# 1 Motivation

The MplusDIFFTEST is a popular procedure (a chi-square difference based test) for comparing nested structural equation models. It is available for models estimated by the “MLMV”, “WLSMV”, and “ULSMV” procedures in Mplus. A model including a larger number of parameters is estimated, and then a second model is estimated with some parameters that are restricted (for example, to be equal to each other, or equal to 0). Then the two models are compared using a statistic, referred to as $$T_3$$, that is supposed to be distributed as a $$\chi^2$$ random variable. When the test comparing models indicates that a difference is not statistically significant, or the equal-fit hypothesis is not rejected, researchers generally prefer the simpler model, the one which estimates fewer parameters.
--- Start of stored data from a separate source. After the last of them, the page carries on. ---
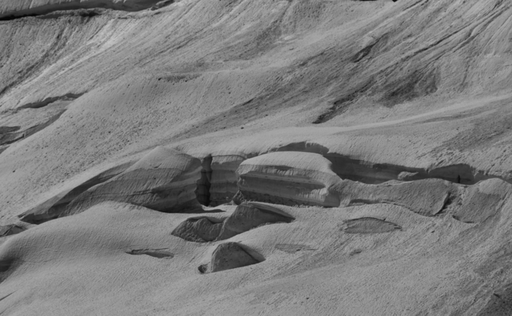
Glacier, Yoho National Park
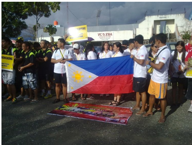
PDRT FIREBLADES PHILIPPINE (The Smart Team)
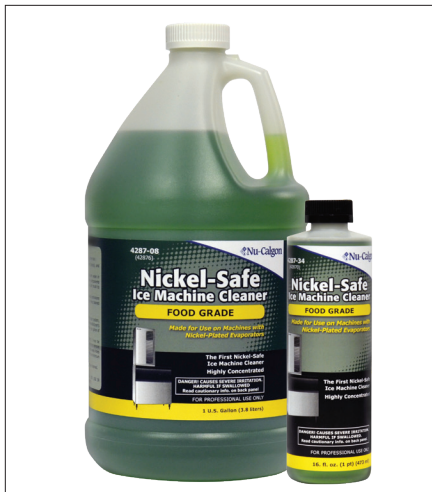
Nickel-Safe Ice Machine Cleaner

Nickel-Safe Ice Machine Cleaner is a specially formulated citric/phosphoric food-grade product for removing scale deposits from ice makers having nickel-plated or tin-plated evaporators. It is acceptable for use in machines made by Manitowoc and other manufacturers using nickel. In fact, it was the industry's first nickel-safe product, introduced in collaboration with Manitowoc. Usage rate should be in accordance with the manufacturers instructions or 16 fluid ounces with three gallons of system water.
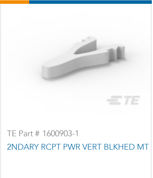
TE Part # 1600903-1 2NDARY RCPT PWR VERT BLKHED MT
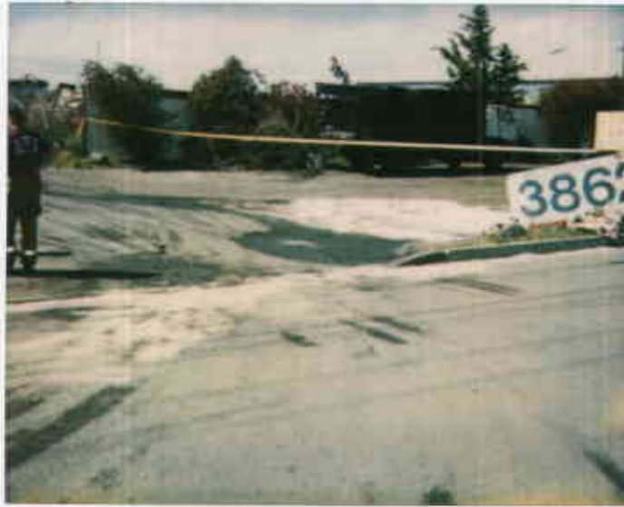
3862 Depot Rd., Hayward 5/5/94 JS Freemiller Trucking Diesel Spill
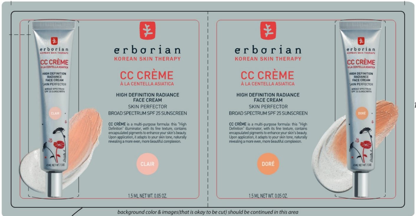
background color & images(that is okay to be cut) should be continued in this area
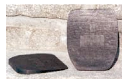
Full Wedge U.
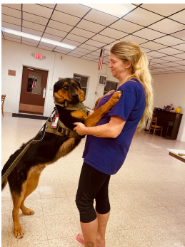
ONLY CERTIFIED SERVICE DOGS ARE PERMITTED AT BEACON LODGE CAMP
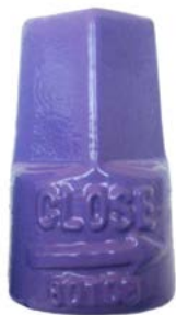
Recycled Water Use
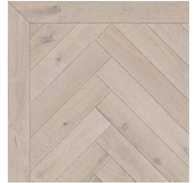
PF00919 - Aged
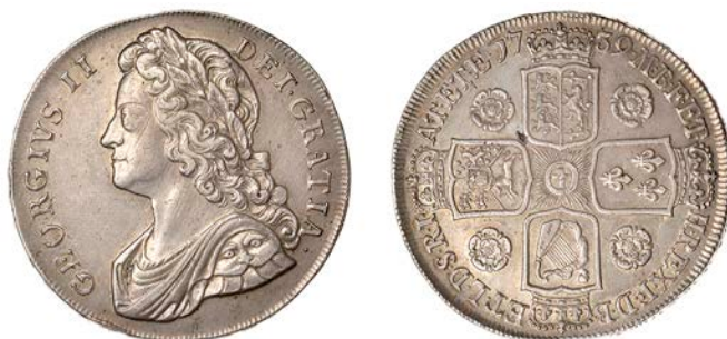
x 194 Crown, 1739, roses, edge DVODECIMO (ESC 1665; S 3687). Some adjustment marks, good very fine, attractive light tone £1,000-£1,200
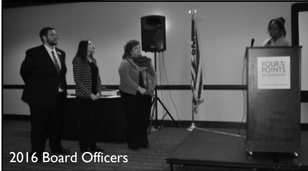
2016 Board Officers
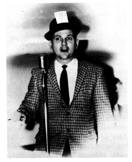
Don't sneak up behind me like that.
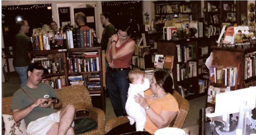
Louisvillians gather for Harry Potter Release Celebration at The Bookworm
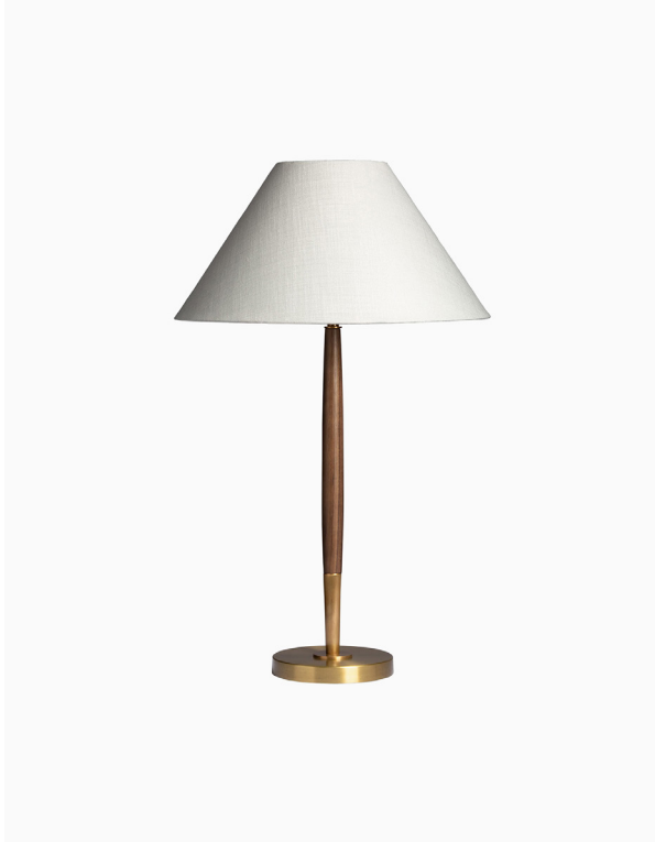
TABLE LAMP | RONNI

In Mplus, each input file can be used to estimate only one model. To communicate the results of estimation from the first to the second model, the Mplus SAVEDATA command creates a text file that is a single column of numbers that must be sorted into various vectors and matrices. This file, commonly referred to as a DIFFTEST file, is a snapshot summary of the internal state of the model. This file is then put to use by a DIFFTEST statement in the input file for the second model.

There are two elements in the process that seem to be rather like a “black box”. First, the format of the DIFFTEST file itself is not formally documented. It is simply a column of numbers. It is not apparent to the user how these values can be used to reconstruct the matrices needed to calculate the difference of models test. Second, the details required to calculate $$T_3$$ are elusive. There are a number of elements in the calculation, especially for multi-group models, that are not publicly documented.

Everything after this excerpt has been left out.